We have been seeing what appears to be reboots on our SQL Managed Instances (Standard, Failover Group). One node (the current primary, USEast) has been apparently rebooting for the last 24 hours, between 30 minutes and 2 hours between cycles. This has been slowing our system down, although the users only occasionally see a connection error (retry logic). But our various business processes are suffering more.
The only place I can see to detect these is in the SQL Server Logs (SSMS \ Management \ SQL Server Logs) and then looking at the various entries there. On one of the restarts, the logs appeared to clear and now I only have the two most recent entries listed.
I don't see anything in sys.dm_operation_status to indicate anything there. The @@VERSION command has changed from early September when I checked last, but currently shows:
Microsoft SQL Azure (RTM) - 12.0.2000.8 Sep 18 2021 19:01:34 Copyright (C) 2019 Microsoft Corporation
The last time this happened to us (to this extent, we are used to one or two reboots periodically) was a few years ago where it was rebooting every 5-10 minutes. In that event, we initiated a failover to our other side and that took several hours before it finally completed. At that time I didn't have the query to see FOG health (hardened LSN, etc.) but I do now and it's showing green across the board.
We are currently planning a failover in a few hours (as soon as the business can tolerate it), and have our 3rd party interface between MSFT and us (yay...) opening an urgent ticket so we can get better insight.
But what I wanted to really ask is if there are more places to look for clues about what's happening? Any insight into what's going on and why it's rebooting so frequently?
UPDATE - We failed over to our secondary and it did so without issue. However, as soon as we failed, the continuous "RECOVERY" messages started appearing. The "RECOVERY" Messages were appearing in the logs on the other side as well prior to failing over. DBCC CHECKALLOC/CHECKCATALOG on all databases showed no issues before failover.
MSFT has a ticket open on this issue and if I hear back, I will update here. Still welcome any insights from this community though. =)
UPDATE - The recovery messages still appear, although we have not seen any sign of the restarts that were hurting us earlier. The recovery messages are in this form:
RECOVERY (873c7092-f355-4b10-806b-7f2ec74855c7, 10): XactRM::PrepareLocalXact, Preparing particpant xact, XdesId = -839198875 3
It cycles through all of our databases
UPDATE (6/8/2022 - Six months later)
I've forgotten to keep this updated, but not much has happened. A few months ago we finally got MSFT support to look at this issue. They requested a slew of BS; but we did it anyways so we could get them to move on. What they wanted was for us to rebuild every index and do a full update of statistics. This took us quite a bit to get through as our maintenance window was small, but we managed it. Of course it had no impact. It's back in the product teams hands now (no additional word on this issue). It still follows us on every failover between regions; whichever is the primary has these flooding it's error log.
Another thing they had us try (which did not resolve the issue) was to move both of our nodes to a higher tier of hardware.

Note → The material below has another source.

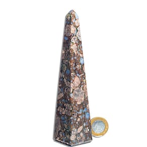 Obelisco Riolita Rosa Pedra Natural de Garimpo Lapidação de Obelisco NOME DAS PEDRAS: Riolita Rosa Natural COR DAS PEDRAS: Marrom com Rajas Rosa e Azuis (Foto Ilustrativa) CORTE DAS PEDRAS: Obelisco (Torre Piramidal) CLARIDADE DAS PEDRAS: Denso Brilhoso MEDIDA DAS PEDRAS: 17 a 18 centimetros aproximado PESO TOTAL DA PEDRA: 290 Gramas aproximado ORIGEM: Lapidação, Curvelo, MG NOTA: Por ser pedra natural podem apresentar variações em suas tonalidades e grafismos. Há também a possibilidade de ocorrerem pequenas inclusões que irão se assemelhar a fissuras, mas que são normais de minerais autentico de garimpo. Hidratação oleo mineral. São úteis na canalização de energia curativa e são ótimos acumuladores de luz, que é projetada pelo Obelisco Os Obeliscos promovem a concentração, intensificam e dirigem a energia entre chacras, bastandose apontar seu ápice para os mesmos, promovendo dessa forma, sua purificação ou renovação energética Também são ótimos para movimentação energética em ambientes Marca: CristaisdeCurvelo

Most recently (last week), the primary node we were on suffered repeated reboots with what looked like stack dumps (confirmed by MSFT), we failed over to the other side and it stopped doing that, although the recovery messages still appear. Possibly related, but I don't think so, most likely for the reboots/stack dumps is hardware issues on whatever physical stack we were on.
There are a lot of trade-offs when you move to the cloud and allow someone else to fully manage your infrastructure... this appears to be one of them. I will try and remember to update when/if MSFT ever gets back to us on the issue, but after 6 months....
Over the summer (our business is tightly tied to the school year), we may move to a single node for cost savings, so it's a possibility that rebuilding the Failover Group will resolve the issue.
UPDATE - 6/14/2022
And now we have the same issue. The current primary side (USC) started doing reboots every 5-20 minutes. We failed over the our other side (USE) and it resolved the issue for now. As before, the logs on the USC side seemed to indicate stack dumps. Poking MSFT again....
UPDATE - 6/14/2022 - A SOLUTIION?
Finally got a premium MSFT engineer. They said that the reboots we were experiencing was related to a bug in the Optimization Engine and that the fix had been released to MI's already (in the last week or so), but only if you were using the 160 Compatibility Mode. We are doing accelerated testing and then are going to push that through (we were at 140 before).
As for the spamming of RECOVERY messages, they think that the messages themselves are benign, but there is a soon to be released fix going in that will stop that sub-system from essentially spamming the log with informational messages. So, maybe we will get this going after all.